BubbleSortWithReversals

Used as: Division Two - Level Three:

Inversions

It helps to know how to predict the number of swaps that will be needed. To understand the concept of inversions and that the number of swaps in bubble sort is equal to the number of inversions in the array. In other words, we can predict that the number of swaps is equal to the number of pairs (i,j) such that (i < j) and A [i ] > A [j ].

Dynamic programming

Keeping the number of inversions present. Consider the number of inversions contributed by index j: The number of indices i < j such that A [i ] > A [j ]. The important observation is that for a given j, the order of the previous elements with index (i < j) does not change the number of inversions contributed by j.

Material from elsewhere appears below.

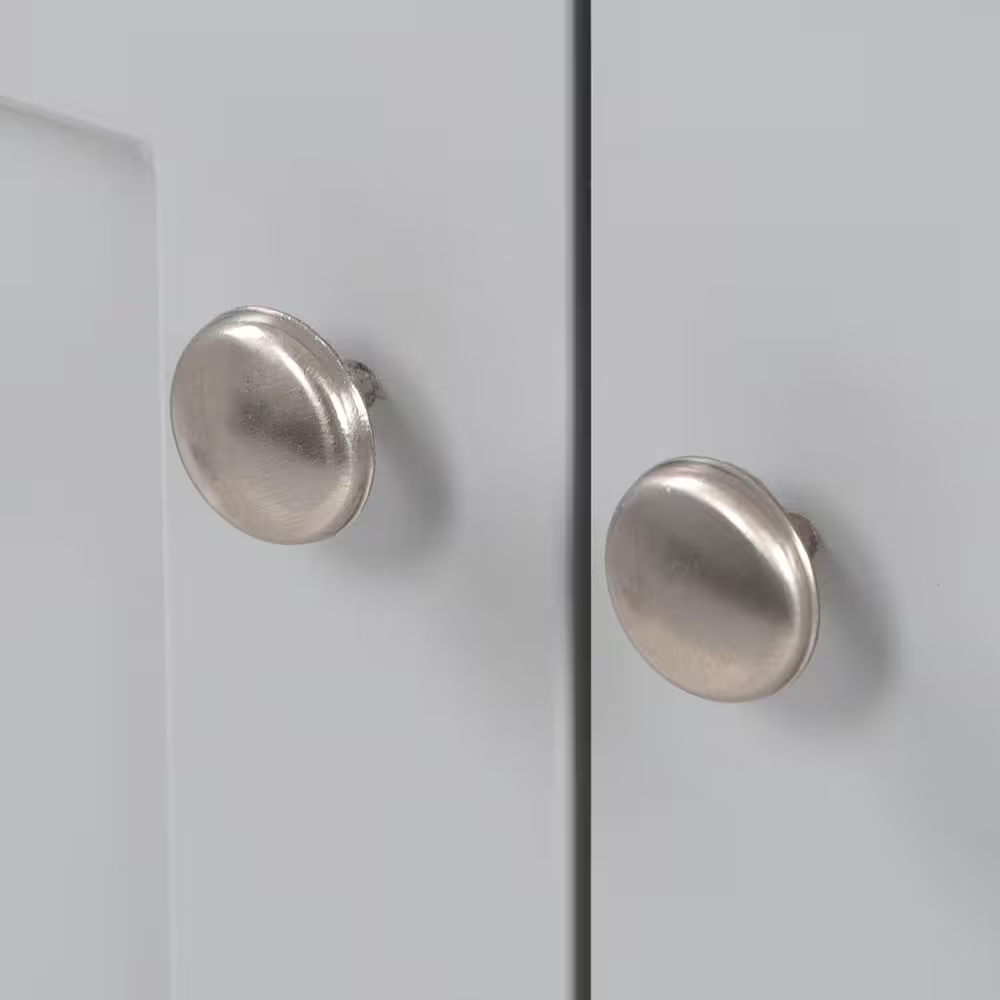 - Soft pearl gray cabinet finish with Shaker-style doors
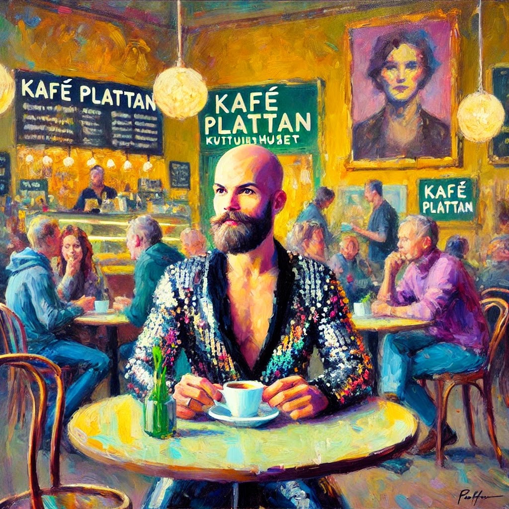 There’s something about the ritual of going to the theatre that I’ve always loved: meeting friends, grabbing a coffee, soaking in the excitement of a new production. This photo—taken 23 January 2025—captures exactly that. I’m sitting at Kafé Plattan, the vegan café tucked inside Kulturhuset in central Stockholm, wearing my black-and-silver sequin shirt from H\&M ✨. My friend Majsan and I met up there to catch up before heading to Stadsteatern for the dress rehearsal of *Stephen Sondheim’s COMPANY*.

Imagine a function f(x, k) that returned the minimum total number of inversions contributed by indexes greater than or equal to x such that we can reverse at most k non -overlapping substrings in those indexes. f(0,K) will be the solution to the problem.

• Base case: x = n, there are no indexes greater than or equal to x, so the minimum contributed inversions is 0.

• Else we have two options:

  • Make x part of no reversal. So we can predict that A [x ] will stay in position x. Calculate the number of inversions contributed by x. All the indexes i less than x will contain the elements A [i ] (Possibly the order may have changed or not, we do not care because the order does not change the result) so we can just count the number of elements A [i ] such that i < x and A [i ] > A [x ]. In addition, we need to continue calculating the remaining number of inversions, so we add f(x + 1, k).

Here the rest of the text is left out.